Even if he does stand up for his wife at some point, he is mocked by his own family by being called a “joru ka gulham”. With this mockery, even he feels pressure to prove his family wrong and join them in the ragging of his wife.

Specially his mother, as she too has been treated like shit and an “outsider” all her life. So. she feels that her son is one point of support and her daughter in law will “steal” her son away from her which makes her extremely insecure about her son leading to interference in their private lives.

After all, it is all about control over young people!

Wedding: Indians weddings are such a massive grand affair lasting from days to even weeks. You find socially-sanctioned extreme narcissism in such events. Loud music, people dancing on the roads, a clan of at least two thousand people, blingy clothes, relatives and their taunts on people, endless barbaric ceremonies. The ceremonies are so patriarchal, that the everything is about the girl bowing down the groom and his family.

Weddings are one of the most abusive life events in young Indians. In the name of traditions and rituals, brides (and even the grooms) are abused by their relatives.

These ceremonies are to undignified and garish, that even the though of an Indian wedding, makes me cringe.
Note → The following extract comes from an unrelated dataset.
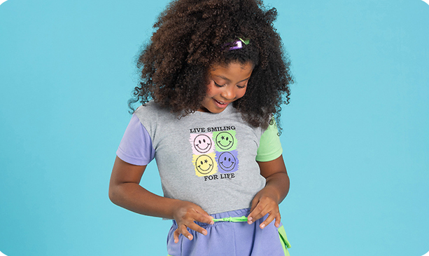 Feito inteiramente em 88% algodão 12% poliéster, este conjunto oferece conforto e frescor em cada detalhe. O cropped, na cor mescla, apresenta mangas nas cores lilás e verde, com uma estampa frontal que adiciona um toque de estilo e diversão ao visual.

People end up spending upto Rs 1 crore in such events. Everything has to be super lavish so that their relatives should not make fun of them.

People not only end up wiping clean their banks on such events, but also borrow from relatives, take loan for such events. Majority of the expenditure is expected by the bride’s parents.

It is not unthinkable that the bride’s parents may not even have money to go the doctor when they are sick, despite medical being cheap in India. I guess this solves the mystery why Indian parents don’t want daughters as this toxic culture will make them bow to the above mentioned social norms.

The way young people are treated, is a big insult to human rights violation. Worse, this is happening in even the educated bunch of India as well.  It is very difficult to change this toxic culture as forces from all over are pushing you towards a single direction.

Life is so miserable for young Indians that only disappearing from the scene helps them lead a better life; or one needs to be super strong to resist this culture in a search for a better life in India.

Note: In the United Kingdom, there have been programs to prevent such forced marriages as this was a big problems amongst Bangladeshis. Parents can be arrested and it is considered a serious crime.

I hope that someday, in India, people start recognizing this abuse and make parents accountable. If need be, they should be arrested for forcing their adult children to marry. We will have happier individuals. It would be personal dream come true!